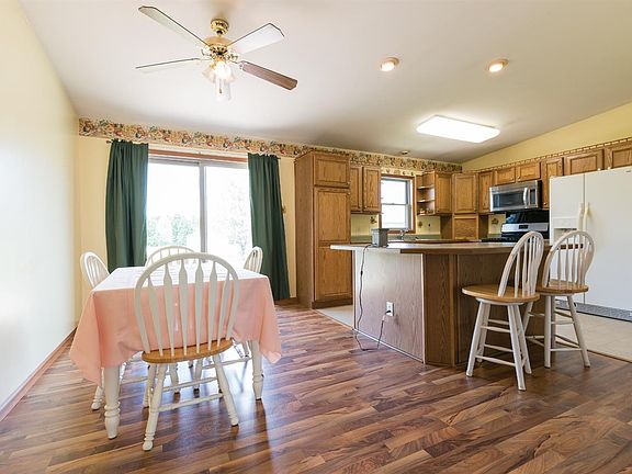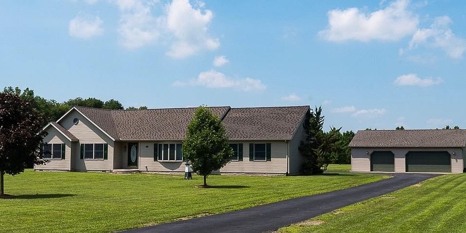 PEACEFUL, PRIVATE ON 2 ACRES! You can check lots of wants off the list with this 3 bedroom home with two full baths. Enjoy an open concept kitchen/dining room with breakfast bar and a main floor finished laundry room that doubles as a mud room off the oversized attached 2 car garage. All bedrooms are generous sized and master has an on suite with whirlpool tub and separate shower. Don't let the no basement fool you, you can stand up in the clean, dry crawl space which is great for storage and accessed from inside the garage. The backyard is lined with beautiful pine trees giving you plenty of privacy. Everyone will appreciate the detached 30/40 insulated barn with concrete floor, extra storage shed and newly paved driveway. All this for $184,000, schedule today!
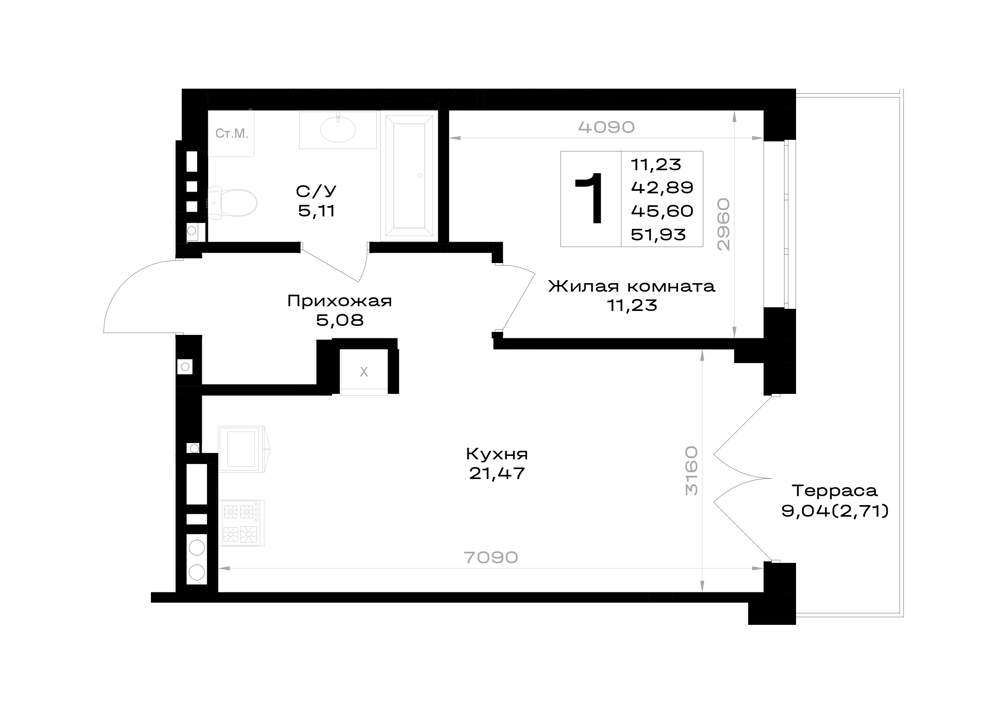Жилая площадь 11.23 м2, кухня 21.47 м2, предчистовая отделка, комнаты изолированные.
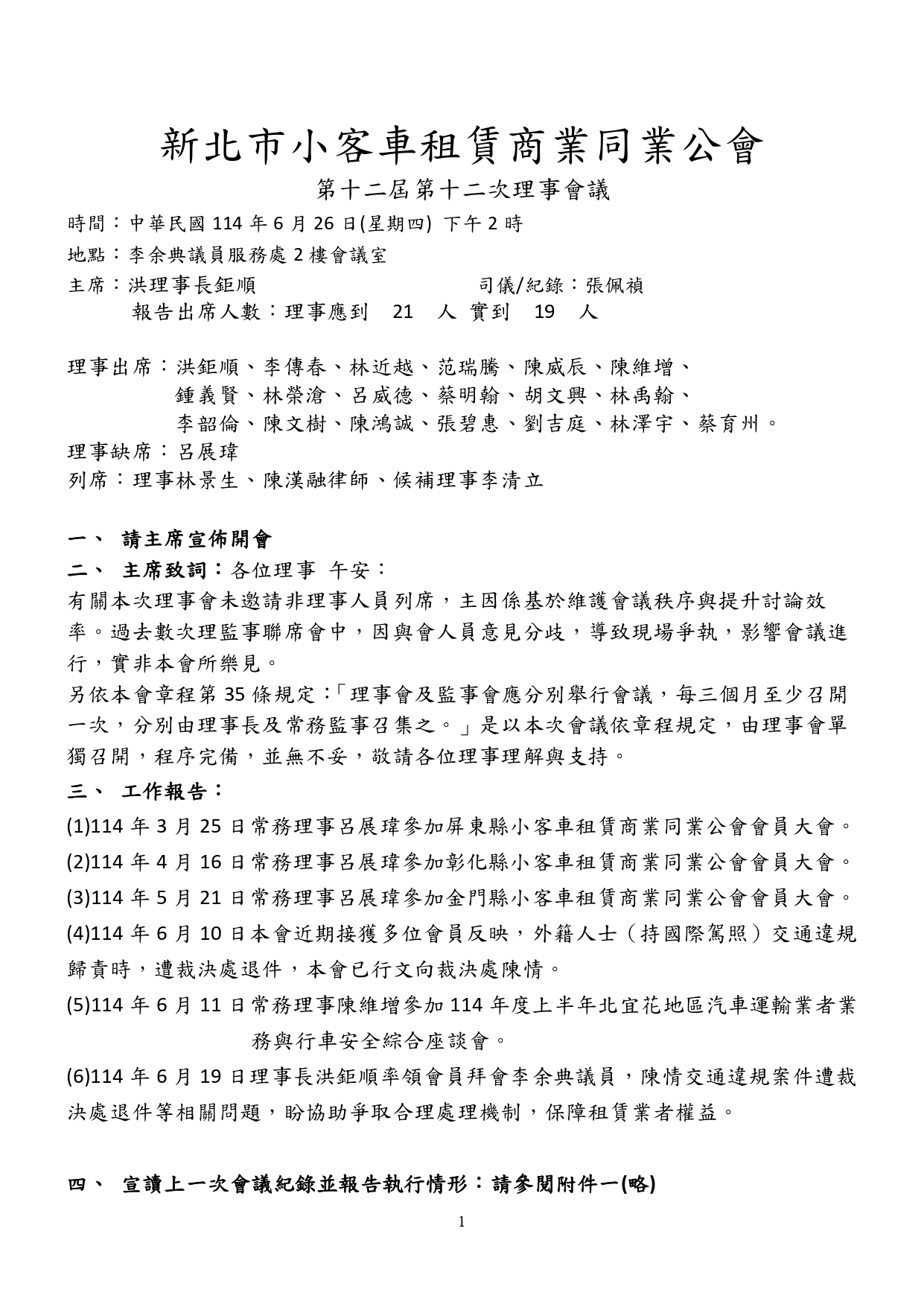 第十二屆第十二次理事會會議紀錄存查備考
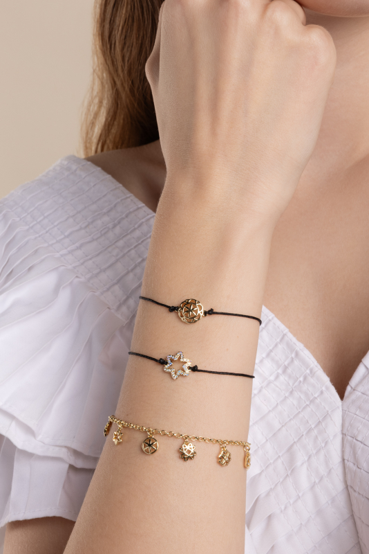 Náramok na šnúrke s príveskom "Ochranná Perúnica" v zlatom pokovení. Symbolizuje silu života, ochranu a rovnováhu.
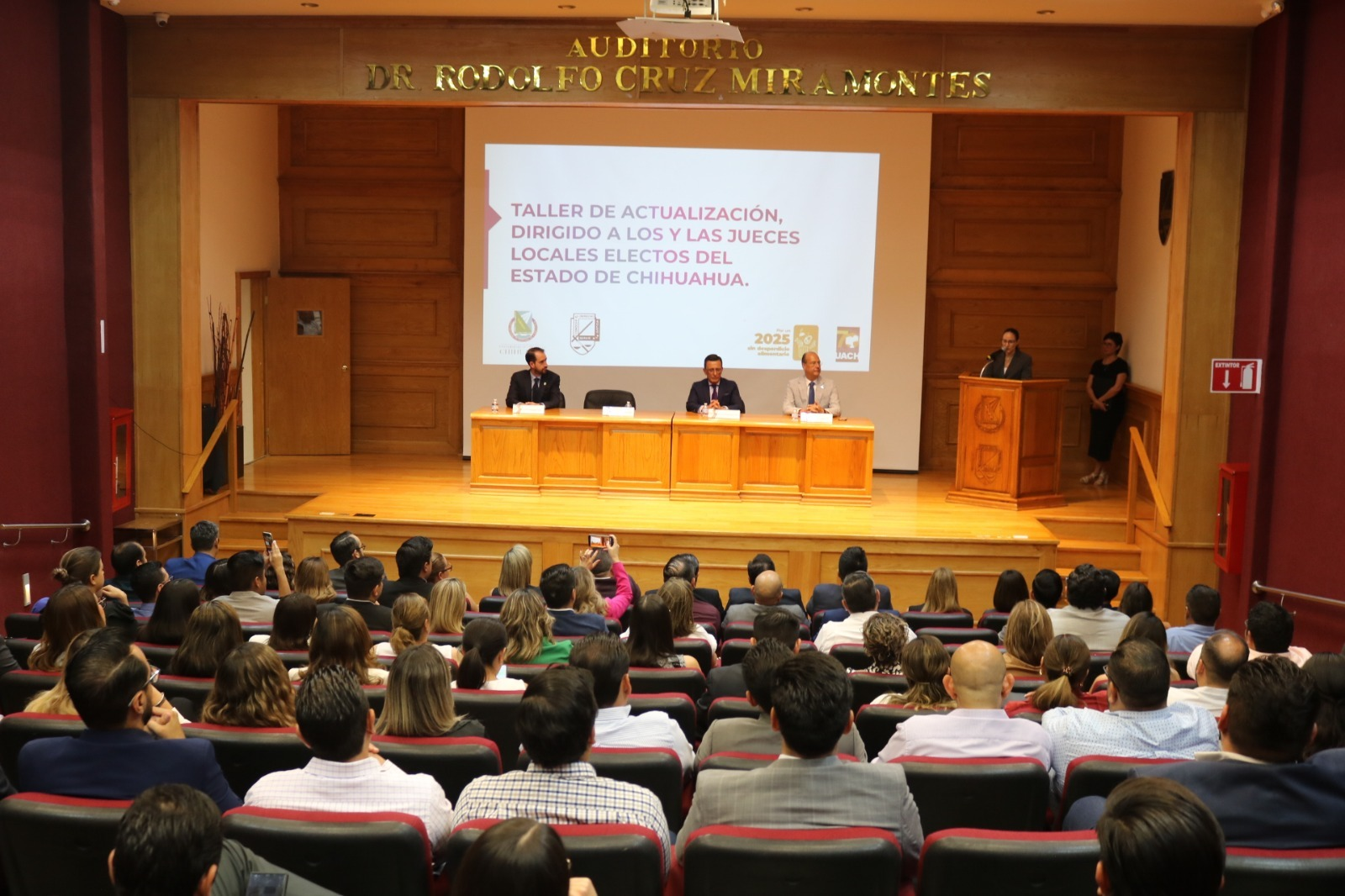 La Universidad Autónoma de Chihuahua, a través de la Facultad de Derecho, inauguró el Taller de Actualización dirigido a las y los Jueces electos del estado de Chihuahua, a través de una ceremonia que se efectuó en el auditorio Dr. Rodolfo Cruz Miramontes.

ABOUT THIS TASK
Skip the pictures and output all entries exactly.

RESPONSE TO THIS TASK
 PEACEFUL, PRIVATE ON 2 ACRES! You can check lots of wants off the list with this 3 bedroom home with two full baths. Enjoy an open concept kitchen/dining room with breakfast bar and a main floor finished laundry room that doubles as a mud room off the oversized attached 2 car garage. All bedrooms are generous sized and master has an on suite with whirlpool tub and separate shower. Don't let the no basement fool you, you can stand up in the clean, dry crawl space which is great for storage and accessed from inside the garage. The backyard is lined with beautiful pine trees giving you plenty of privacy. Everyone will appreciate the detached 30/40 insulated barn with concrete floor, extra storage shed and newly paved driveway. All this for $184,000, schedule today!
Жилая площадь 11.23 м2, кухня 21.47 м2, предчистовая отделка, комнаты изолированные.
 第十二屆第十二次理事會會議紀錄存查備考
 Náramok na šnúrke s príveskom "Ochranná Perúnica" v zlatom pokovení. Symbolizuje silu života, ochranu a rovnováhu.
 La Universidad Autónoma de Chihuahua, a través de la Facultad de Derecho, inauguró el Taller de Actualización dirigido a las y los Jueces electos del estado de Chihuahua, a través de una ceremonia que se efectuó en el auditorio Dr. Rodolfo Cruz Miramontes.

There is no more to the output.